#### Directions
Look below for the line containing "Bracelet coeur et" and the line containing "Utiles De Aseo Para", then set down both and every line between them exactly, without pictures.

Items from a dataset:
▽
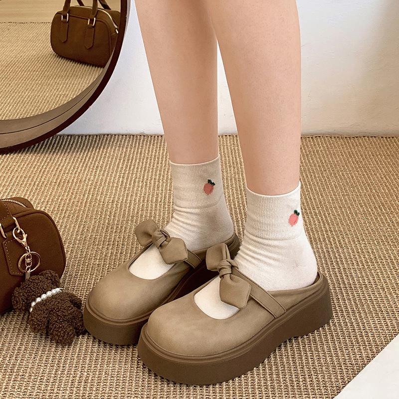 Тапочки-мешки с толстой подошвой и бантом в стиле ретро для женщин, летняя одежда 2025 года, новые полутапочки Мэри Джейн с одной педалью
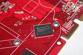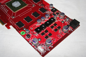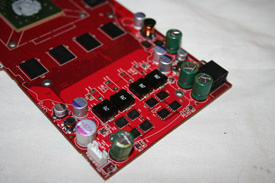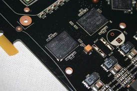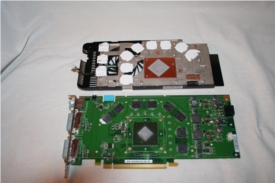 Vi är dock inte här för att sitta och diskutera estetik, utan vi har ett par grafikkort att kika närmare på. Vänder man på kortet uppenbaras en stor svart plåt som täcker mestadelen av baksidan, tillsammans med ett par hål under kärnorna och här ser vi att hålen runt kärnan är desamma som för “vanliga” Radeon HD 3870, vilket gör att man kan montera på vilken kylare man vill. Även avståndet mellan kärnorna känns ganska tacksamt om man ska göra just detta. Den svarta plåten sitter inte här enbart för skojs skull, avlägsnar man den dyker helt plötsligt åtta minneskretsar á 1Gbit stycket upp, tillverkade av Samsung. Asus-kortet å sin sida använder Hynix-minnen specifierade till 0.8ns.
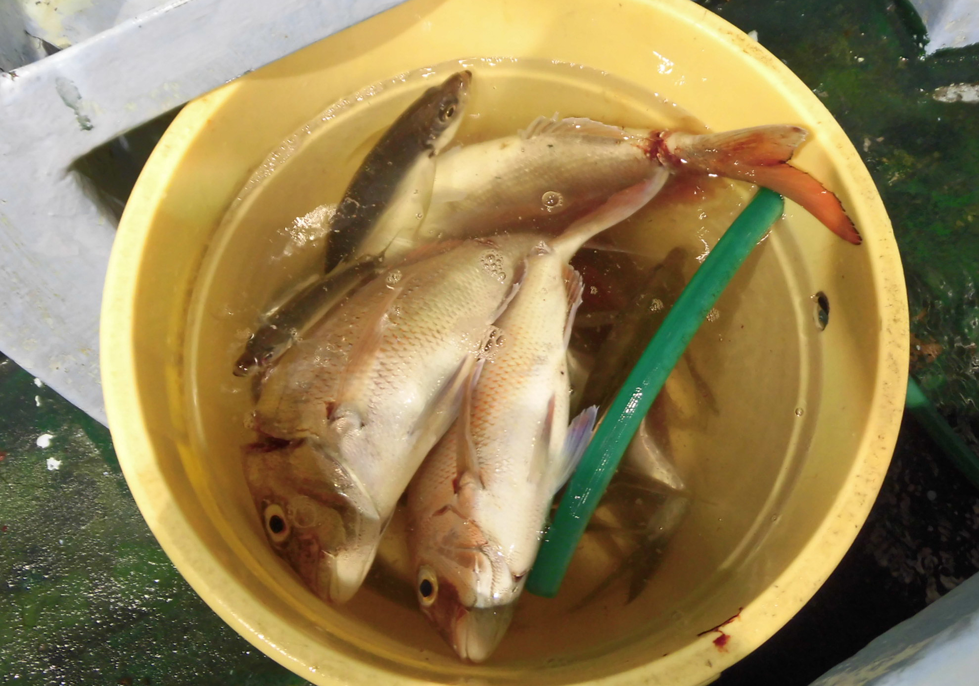本日は天気が良く釣り日和なりました、天気良い日にふく北風がのこり最初波がありました。釣果はアジ、真ダイ、サバ、カマス、サワラ混ざりの釣となりました。
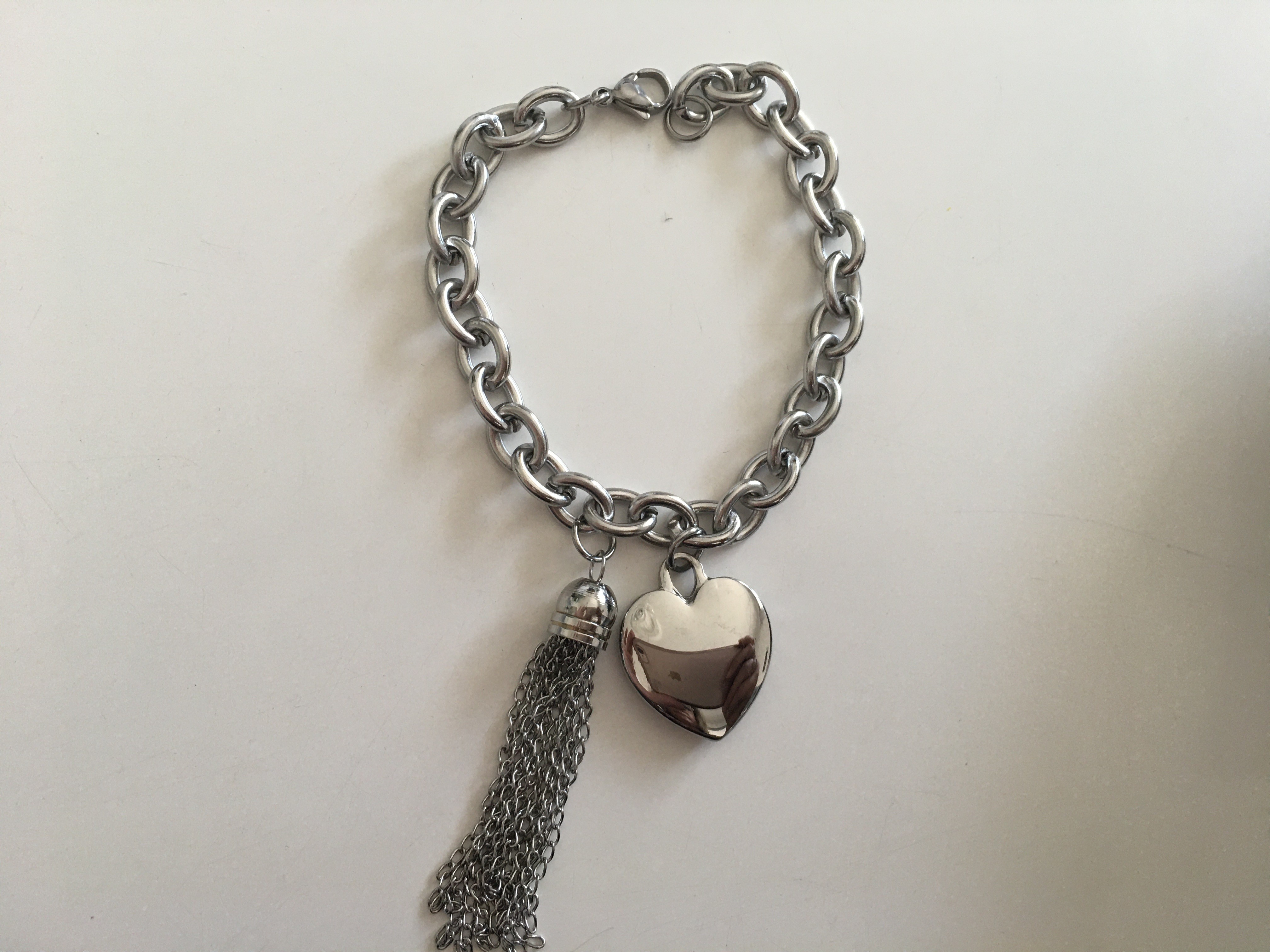 Bracelet coeur et breloques en acier inoxydable de couleur argent
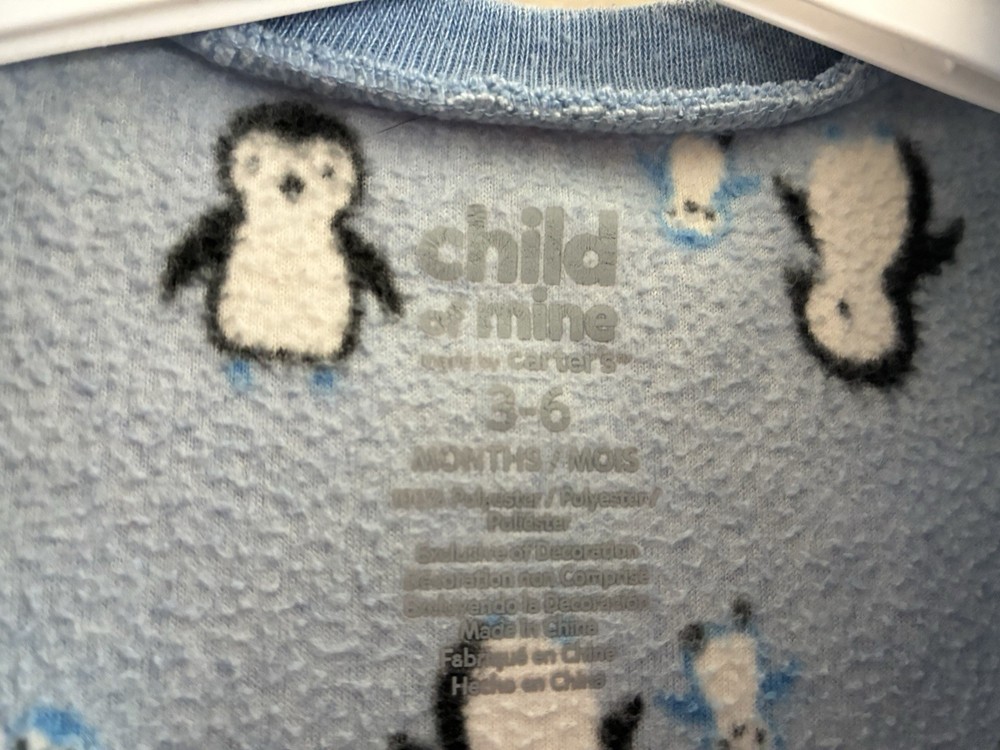 Carter's Baby Boys Cute Penguin Print Cozy Fleece Snap-Up Sleep & Play Blue 3-6M. Condition is pre-owned. Smoke free, pet free home. Shipped via USPS Ground Advantage. In very good condition. Free of rips or stains.
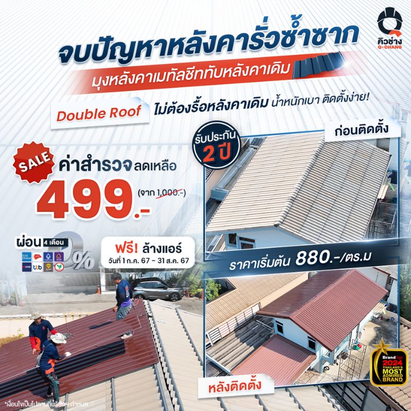 บริการซ่อมแซมหลังคาบ้านด้วยวิธี Double roof จบปัญหารั่วซึม ไม่ต้องรื้อหลังคาเก่า งานเสร็จไว โดยช่างผู้เชี่ยวชาญเรื่องหลังคาจากคิวช่าง การันตีคุณภาพ คิวช่างซ่อมจบแล้ว กว่า 7,000 หลัง
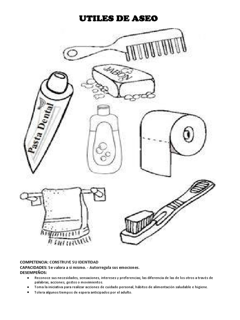 Utiles De Aseo Para Colorear Habitos De Higiene Personal Utiles De Aseo Utiles De Aseo Personal
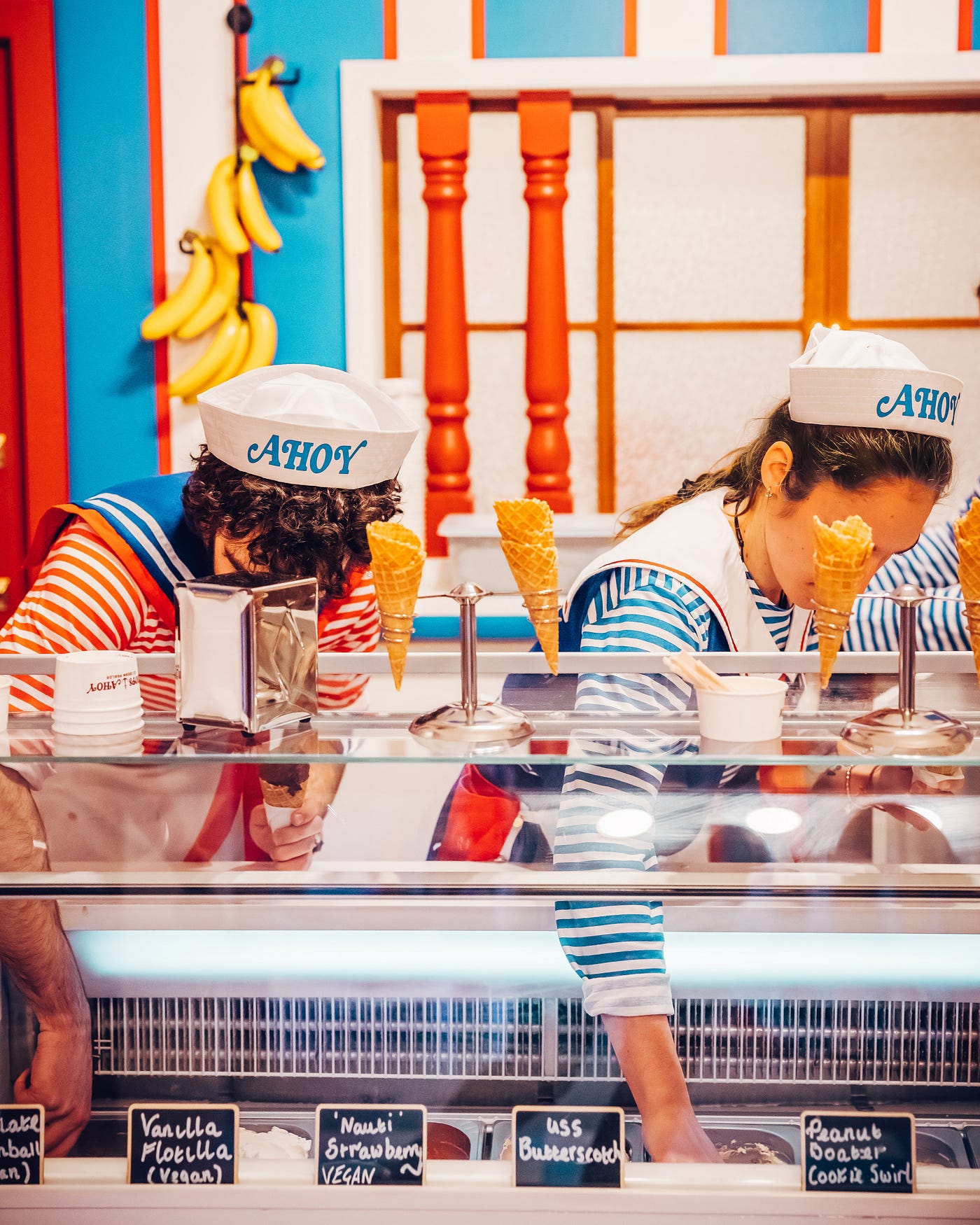 The size and scale of the “Hawkins Reunion” is overwhelming. Once we’ve made our way through the check-in, we find ourselves in the middle of the brand new Starcourt Mall. To the left is the Hawkins News Network media station, where live broadcasts are being made. Disinterested and snarky employees await new customers in Coach. A videobar, like something I had only ever seen before in Back to the Future II, is serving a wide range of drinks. A MAC makeup stylist is greeting customers, and offering the latest in 80’s style makeup trials, while Fashion Forward has all the latest trends for people to try. The Video Game palace has half a dozen arcade games while a lady in neon aerobics gear is encouraging people to get fit in her live dance exercise class. Meanwhile, folks like me scoot past all this to get to Scoops Ahoy, the nautically themed ice cream parlor from the show.
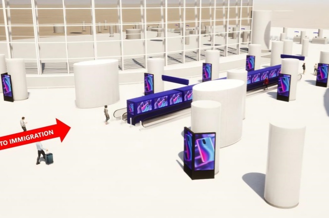 入境处是国际旅客落地后的第一个正式接触区域,广告可成为品牌“第一印象”,具极高记忆价值与影响力。入境旅客在通关、排队过程中有较长等待时间,极易注意周边广告内容,提升品牌曝光时长与认知深度。所有国际到达旅客几乎都会经过该扶梯,是机场“刚落地”之后的必经之路,广告能实现100%覆盖。扶梯行进时间一般为30秒以上,有利于旅客在移动过程中对品牌进行完整接收和反复印象加深。
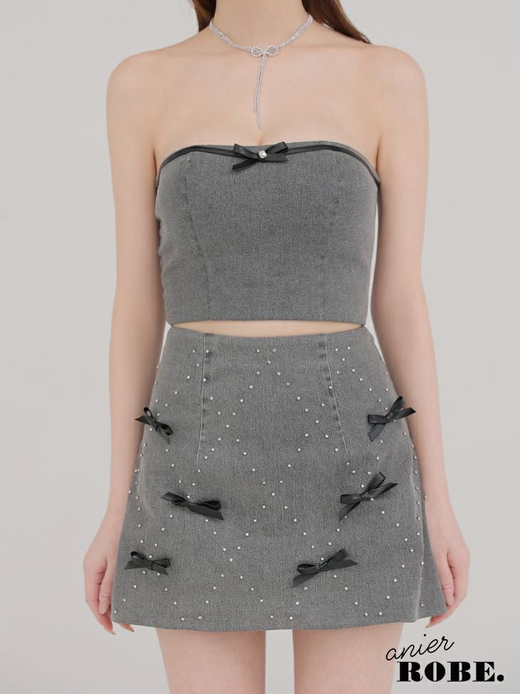 他の画像を見る リボンを纏っているようなフェミニンデザイン♡ [Angel-R/エンジェルアール] 高級 バストリボン キャミソール セットアップ パールチェーン 背中魅せ タイトミニドレス ¥ 28,380 税込 お気に入りに追加
△
#### Result of the task
 Bracelet coeur et breloques en acier inoxydable de couleur argent
 Carter's Baby Boys Cute Penguin Print Cozy Fleece Snap-Up Sleep & Play Blue 3-6M. Condition is pre-owned. Smoke free, pet free home. Shipped via USPS Ground Advantage. In very good condition. Free of rips or stains.
 บริการซ่อมแซมหลังคาบ้านด้วยวิธี Double roof จบปัญหารั่วซึม ไม่ต้องรื้อหลังคาเก่า งานเสร็จไว โดยช่างผู้เชี่ยวชาญเรื่องหลังคาจากคิวช่าง การันตีคุณภาพ คิวช่างซ่อมจบแล้ว กว่า 7,000 หลัง
 Utiles De Aseo Para Colorear Habitos De Higiene Personal Utiles De Aseo Utiles De Aseo Personal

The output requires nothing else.